MATCH (n:Movie) WHERE n.imdbRating IS NOT NULL
ORDER BY n.imdbRating DESC LIMIT 50 (1)
WITH n.title + ': ' + n.plot AS movie (2)
WITH
reduce(acc = '', item IN collect(movie) | acc + item + '\n') AS movies, (3)
{
token: $openaiToken,
model: 'gpt-5-nano',
vendorOptions: {
instructions: 'Be short.'
}
} AS config (4)
RETURN ai.text.completion(
'Here is a list of movies with their titles and plots. Recommend the most child-friendly one.\n\n' + movies, (5)
'openai',
config
) AS result
| 1 | Pick the 50 top-rated movies. |
| 2 | Join title and plot as <title>: <plot>. |
| 3 | Join all movies into a single, newline-separated string. |
| 4 | Provider specific configuration, see Providers → OpenAI. |
| 5 | Prompt for the AI model. |
| result |
|---|
"Cosmos. It’s an educational, non-graphic science documentary about the universe, making it the most child-friendly option here (parental guidance for younger kids)." |
The example below selects the 5 top-rated movies, joins their titles and plots into a single, newline-separated string, and asks the external AI provider to pick the most child-friendly one.

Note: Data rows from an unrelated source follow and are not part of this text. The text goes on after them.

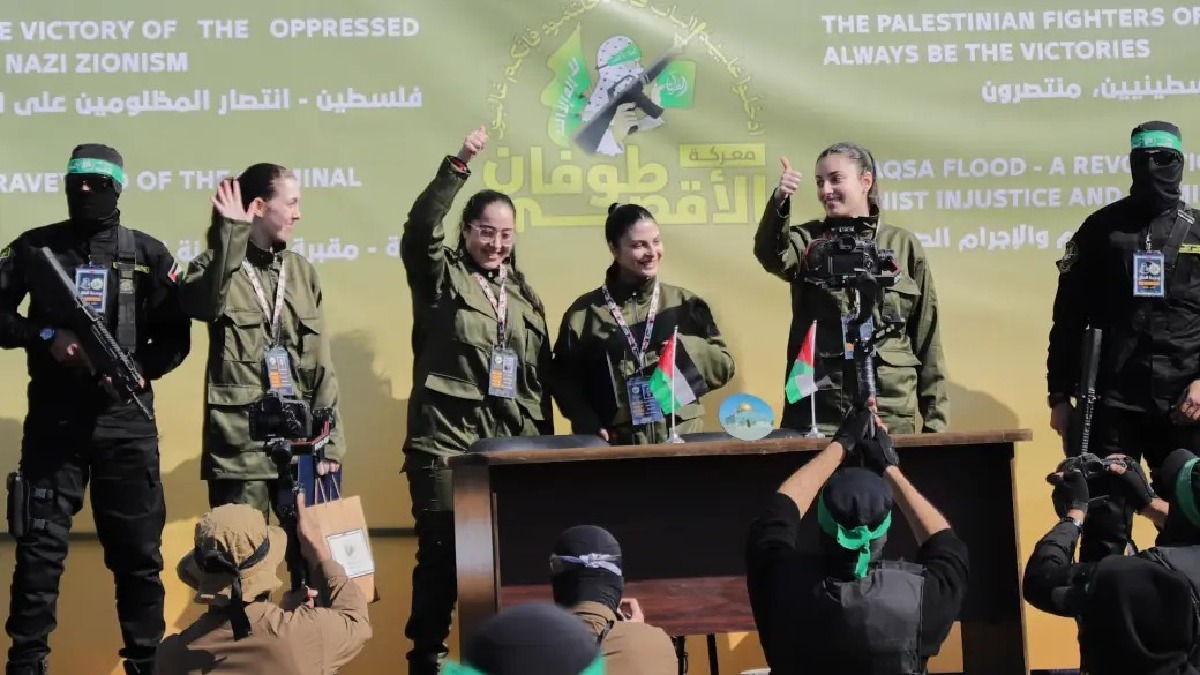 ମୁକ୍ତ ହୋଇଥିବା ଇସ୍ରାଏଲୀ ମହିଳା ସୈନ୍ୟ ଗାଜା ସିଟି ପାଲେଷ୍ଟାଇନ୍ ସ୍କୋୟାରରେ ଏକ ମଞ୍ଚ ଉପରେ ଛିଡ଼ାହୋଇ ଉପସ୍ଥିତ ଲୋକମାନଙ୍କୁ ହାତ ହଲାଉଥିବା ଦେଖାଯାଇଛି। ସେମାନେ ସେନା ପୋଷାକରେ ଥିଲେ। ଇସ୍ରାଏଲ୍ ୭୦ ବନ୍ଦୀଙ୍କୁ ମୁକ୍ତ କରିଥିଲେ ମଧ୍ୟ ସେମାନଙ୍କୁ ଗାଜା ଷ୍ଟ୍ରିପ୍ କିମ୍ବା ଓ୍ବେଷ୍ଟବ୍ୟାଙ୍କ ଯିବାକୁ ଅନୁମତି ମିଳିନାହିଁ। ସେମାନେ ଇଜିପ୍ଟ ପାର୍ଶ୍ୱର ରାଫାହ ସୀମାରେ ପହଞ୍ଚିଛନ୍ତି। ହମାସ୍ ଏବଂ ଇସ୍ରାଏଲ୍ ମଧ୍ୟରେ ଯୁଦ୍ଧବିରତି ପାଇଁ ଇଜିପ୍ଟ ଅନ୍ୟତମ ମୁଖ୍ୟ ମଧ୍ୟସ୍ଥ ଭାବେ ବର୍ଷେ ହେଲା ଉଦ୍ୟମ ଚଳାଇଥିଲା।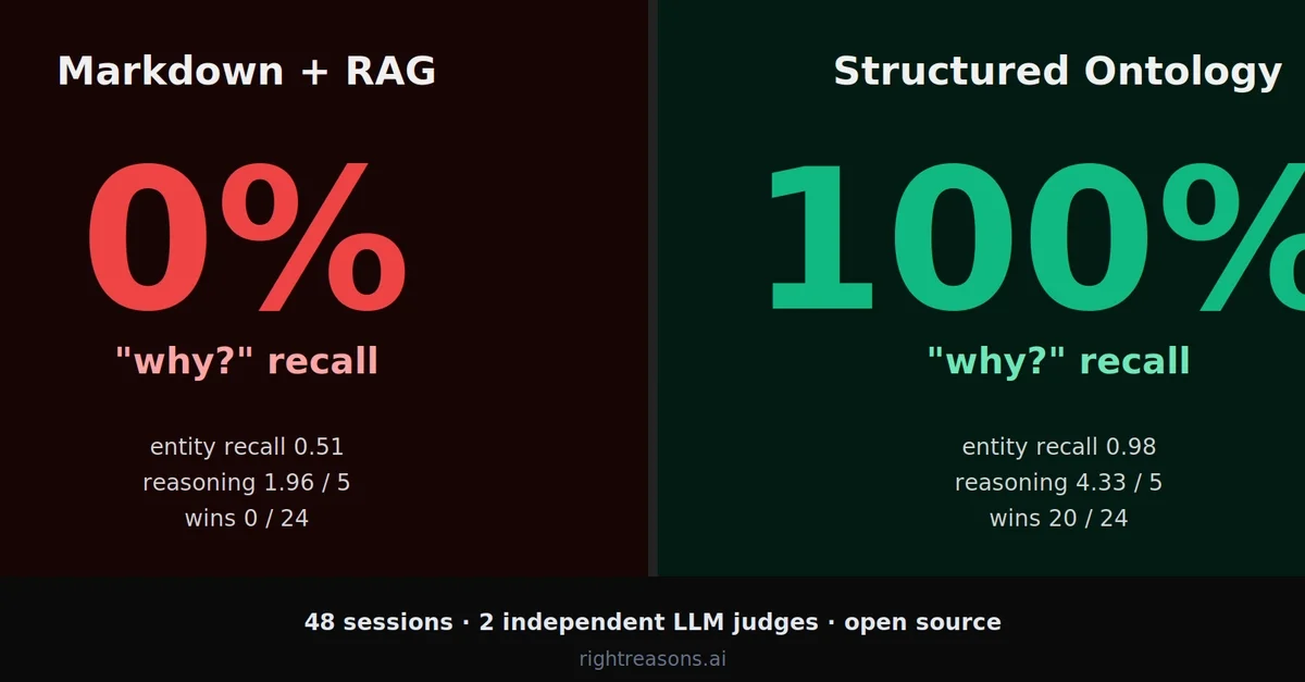 We tested structured ontology vs Markdown+RAG for AI agents — "why?" recall was 0% vs 100%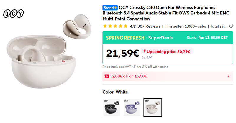 Для нелюбителей наушников-затычек - открытые наушники (они же каффы) QCY Crossky C30. Поддержка кодеков SBC/AAC, Bluetooth 5.4, мультипоинт, идеально подходят для всяких активностей, автономность - до 5,5 часов от одного заряда, до 25 часов при подзарядке от кейса, настройка через приложение, три варианта цветов. Больше 1000 продаж, общий рейтинг - 4,9.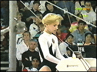 on the balance beam.
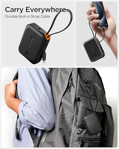 - Built-in USB-C Cable: No need to carry extra cables – with a built-in cable, you can charge on-the-go without the hassle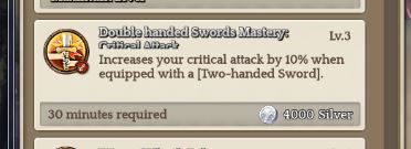 I bought the first level this attribute, that give 10% of critical attack with a two-handed sword. Bought the second level too, but still is write that give 10%. I want buy the third level, but the value don’t increases. How do work this attribute? I didn’t understand T-T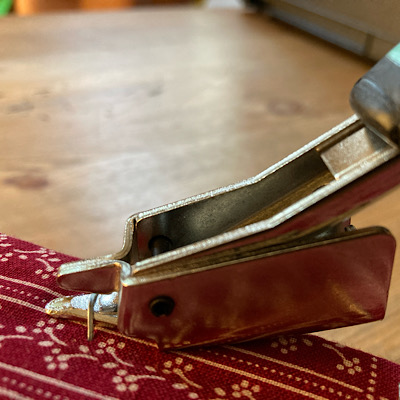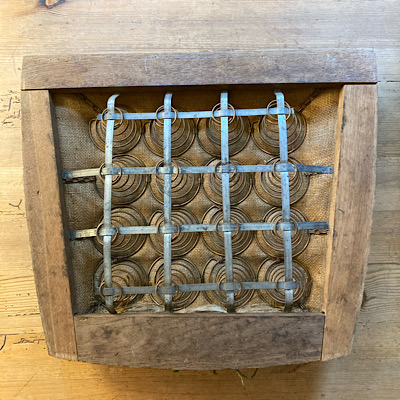 Um den Federkorb zu polstern, besorgte ich alle Materialien neu: Federleinen, Polsterwatte, Schaumstoff und Polsterflies. Die kann man, je nach Anwendung, in verschiedenen Stärken und Ausführungen im Internet bestellen. Dringend nötig war außerdem ein elektrischer Tacker. Der Federkorb war nämlich aus Eiche, einem sehr harten Holz. Der mechanische Tacker hatte beim ersten Versuch die Klammern nicht in das Holz treiben können. Und dann ging es los: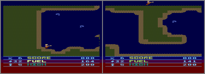 • BUG: If you place your character so that the back of your legs line up against a bottom corner (picture #1) and then pull DOWN, you’ll fall through the bottom border and be able to move around in the green area outside the cavern, and even in the top border area (picture #2)! {John Hardie}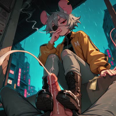 A mouse woman wearing an eyepatch moans as she rubs her pussy in a circular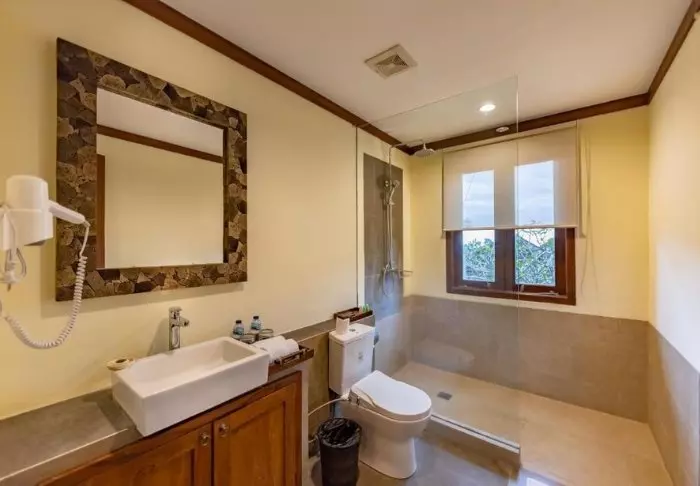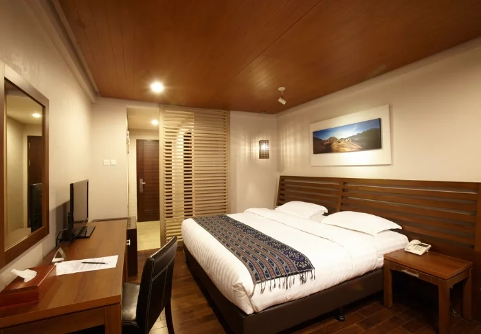 Standaard verblijft u in een lichte, ruime Superior-kamer met houten meubilair en grote ramen met uitzicht op de bergen of de lommerrijke hoteltuin. U kunt rekenen op een comfortabel verblijf met een bureau, TV, wifi, kledingkast, klamboe en koffie- en theefaciliteiten. De badkamer is voorzien van een douche en gratis toiletartikelen.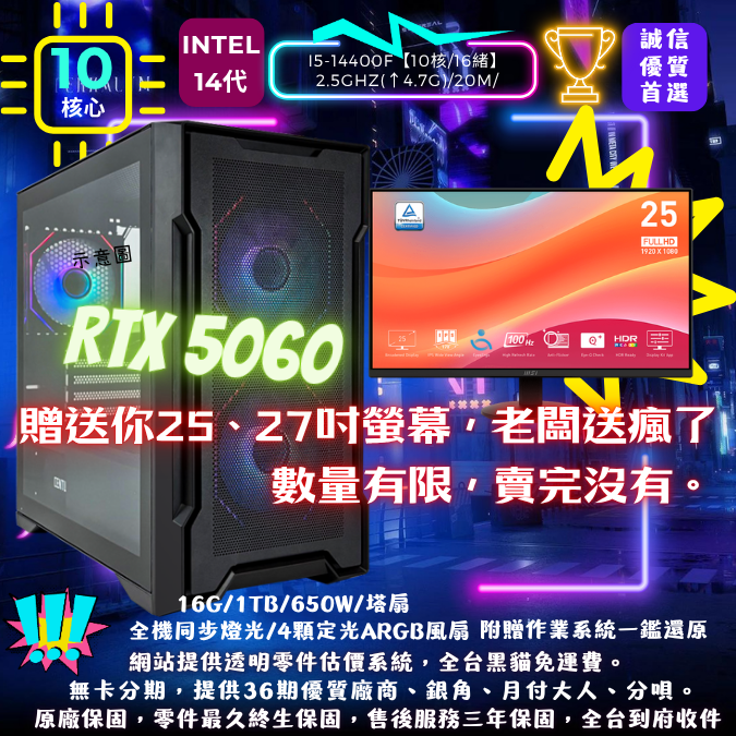 【RTX5060】送螢幕專案(I5-14400F/RTX5060/16G/1T/塔扇)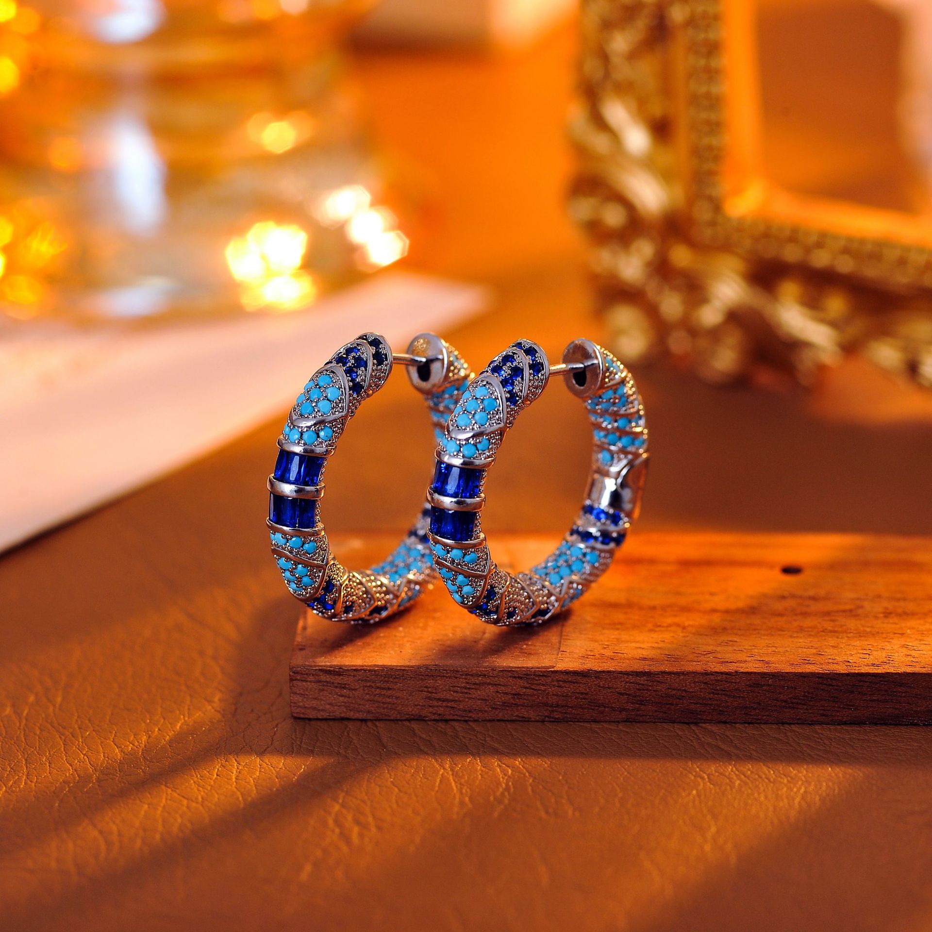 New Retro Style Blue Zircon Earrings Trendy European and American High Sense Niche Light Luxury Earrings Women's Circle Earrings Wholesale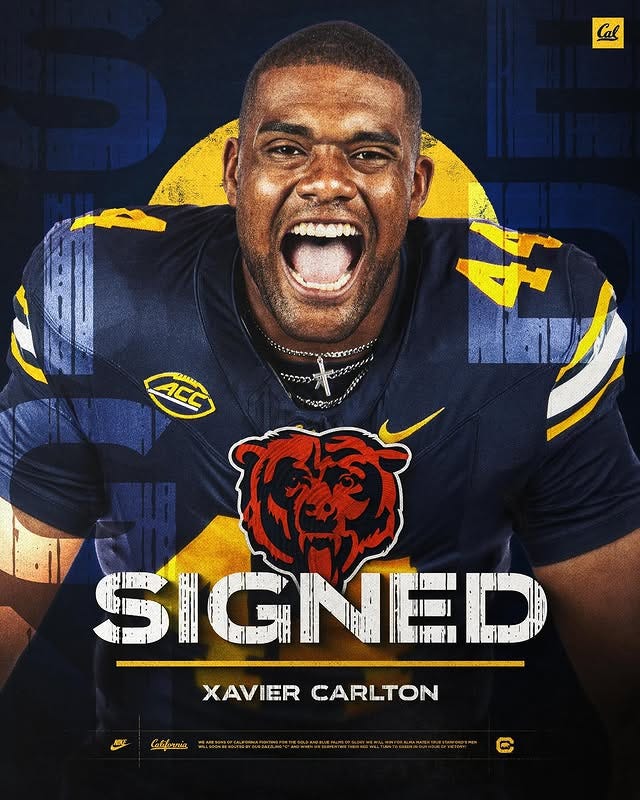The 2025 NFL Draft was a success for the Cal defense, as they saw four of their defenders get picked in Nohl Williams, Craig Woodson, Teddye Buchanan and Marcus Harris. They saw more good news, as Xavier Carlton signed as an undrafted free agent with the Chicago Bears. He will try and work to get on the roster to join his old teammate Elijah Hicks.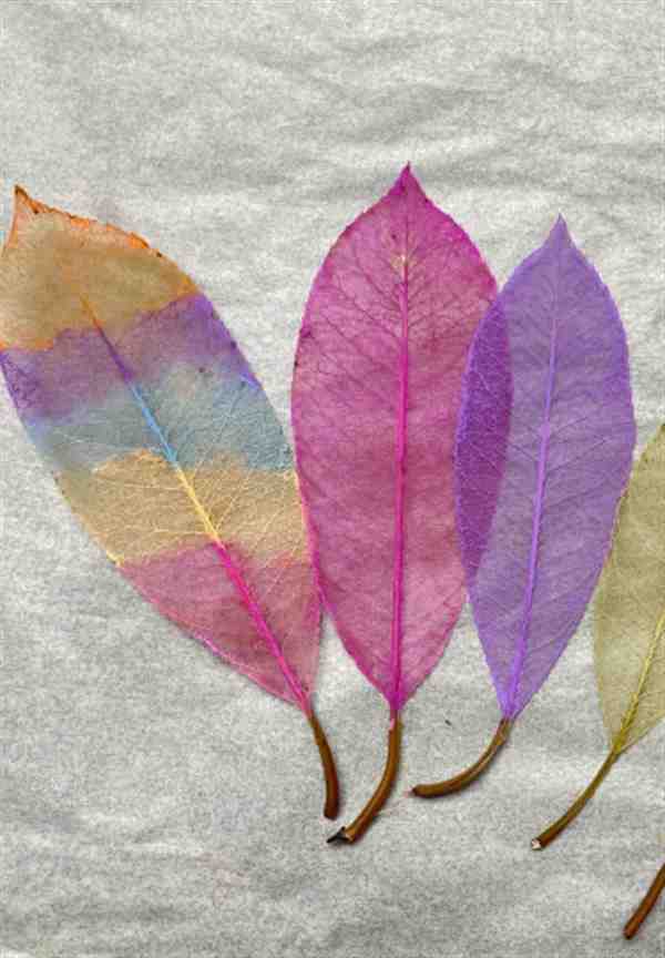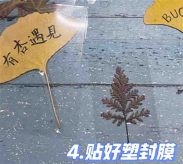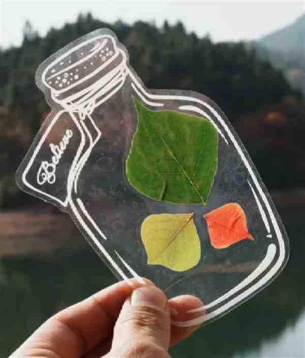 所需材料:树叶、秀丽笔、塑封膜、剪刀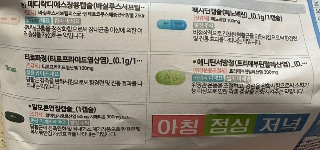 처방받은 약들은 겹치지 않아서 같이 먹어도 괜찮아요.
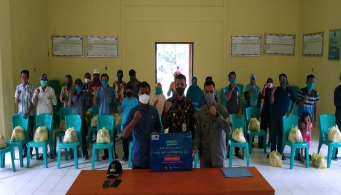 Bantuan yang diberikan sebanyak seribu paket sembako ini untuk membantu masyarakat nelayan di masa wabah covid-19.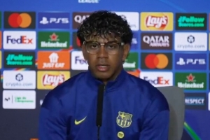 体育资讯4月13日讯 北京时间4月15日3:00,巴萨将在欧冠1/4决赛次回合客场挑战马竞,首回合巴萨0-2落败。赛前,巴萨前锋亚马尔出席新闻发布会。其中他谈到了自己的偶像内马尔。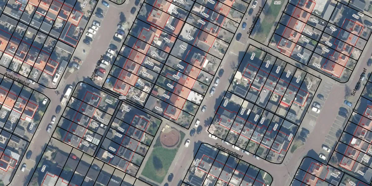 Schoutendreef 16 is gelegen op kadastraal perceel BDG00C5451. Deze kadastrale aanduiding is uniek en wordt gebruikt door het Kadaster om eigendomsrechten en andere zakelijke rechten vast te leggen. Het perceel maakt onderdeel uit van de kadastrale gemeente Bodegraven.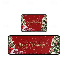 Set de 2 covorașe de bucătărie de Crăciun, covoare decorative festive pentru podea, intrare, bucătărie, uz interior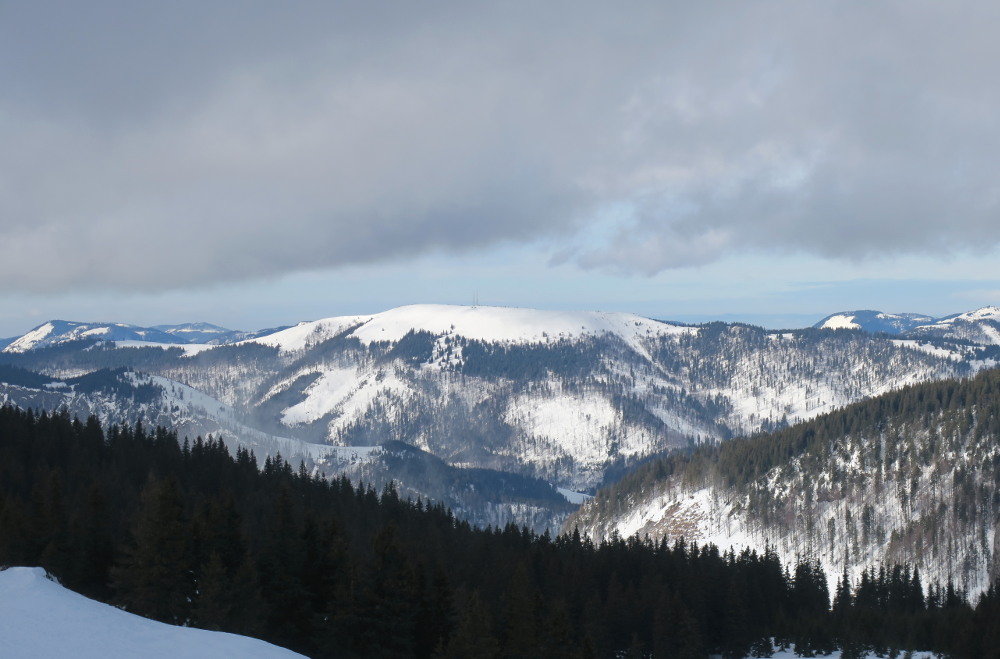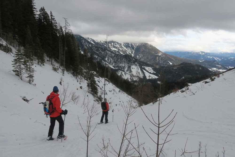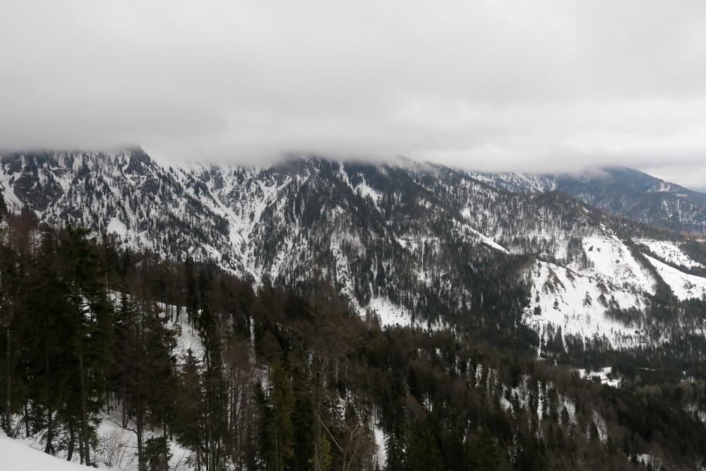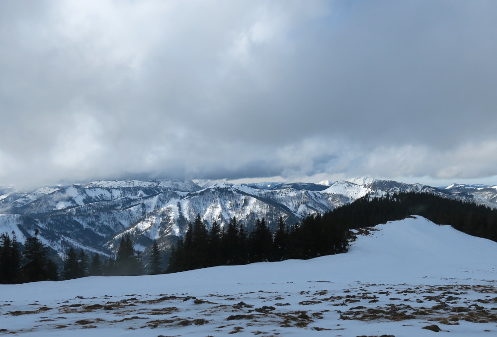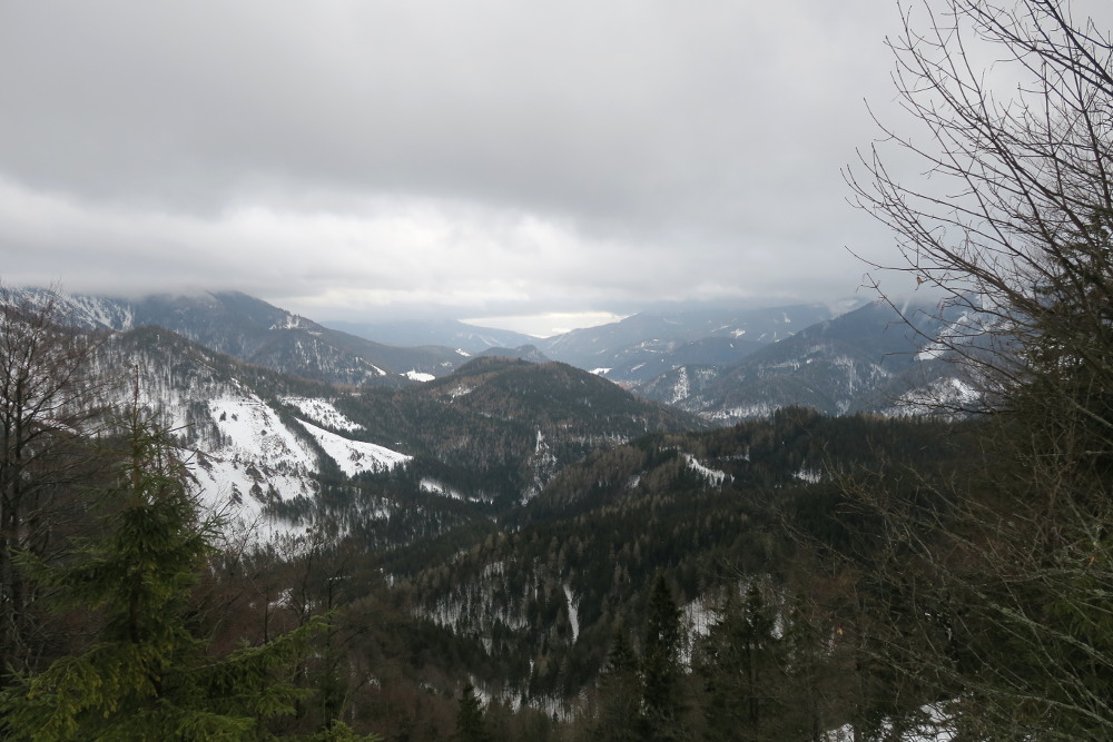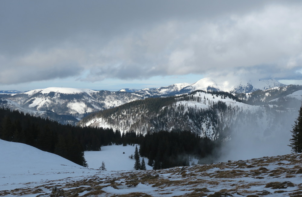 Bildmitte: Großer Königskogel (1574m), weiter rechts mit verschneiter Südflanke Kleiner Proles (1579m) und mit dem bewaldeten Kamm rechts (1565m), unser Ziel am Folgetag. Dahinter schauen auch noch Gemeindealpe (1626m) und Ötscher (1893m) heraus.

MATCH (n:Movie) WHERE n.imdbRating IS NOT NULL
ORDER BY n.imdbRating DESC LIMIT 50 (1)
WITH n.title + ': ' + n.plot AS movie (2)
WITH
reduce(acc = '', item IN collect(movie) | acc + item + '\n') AS movies, (3)
{
token: $azureOpenaiToken,
resource: '<azure-openai-resource>',
model: 'gpt-5-nano',
vendorOptions: {
instructions: 'Be short.'
}
} AS config (4)
RETURN ai.text.completion(
'Here is a list of movies with their titles and plots. Recommend the most child-friendly one.\n\n' + movies, (5)
'azure-openai',
config
) AS result
| 1 | Pick the 50 top-rated movies. |
| 2 | Join title and plot as <title>: <plot>. |
| 3 | Join all movies into a single, newline-separated string. |
| 4 | Provider specific configuration, see Providers → Azure OpenAI. |
| 5 | Prompt for the AI model. |
| result |
|---|
"Cosmos. It’s an educational, non-graphic science documentary about the universe, making it the most child-friendly option here (parental guidance for younger kids)." |
The example below selects the 5 top-rated movies, joins their titles and plots into a single, newline-separated string, and asks the external AI provider to pick the most child-friendly one.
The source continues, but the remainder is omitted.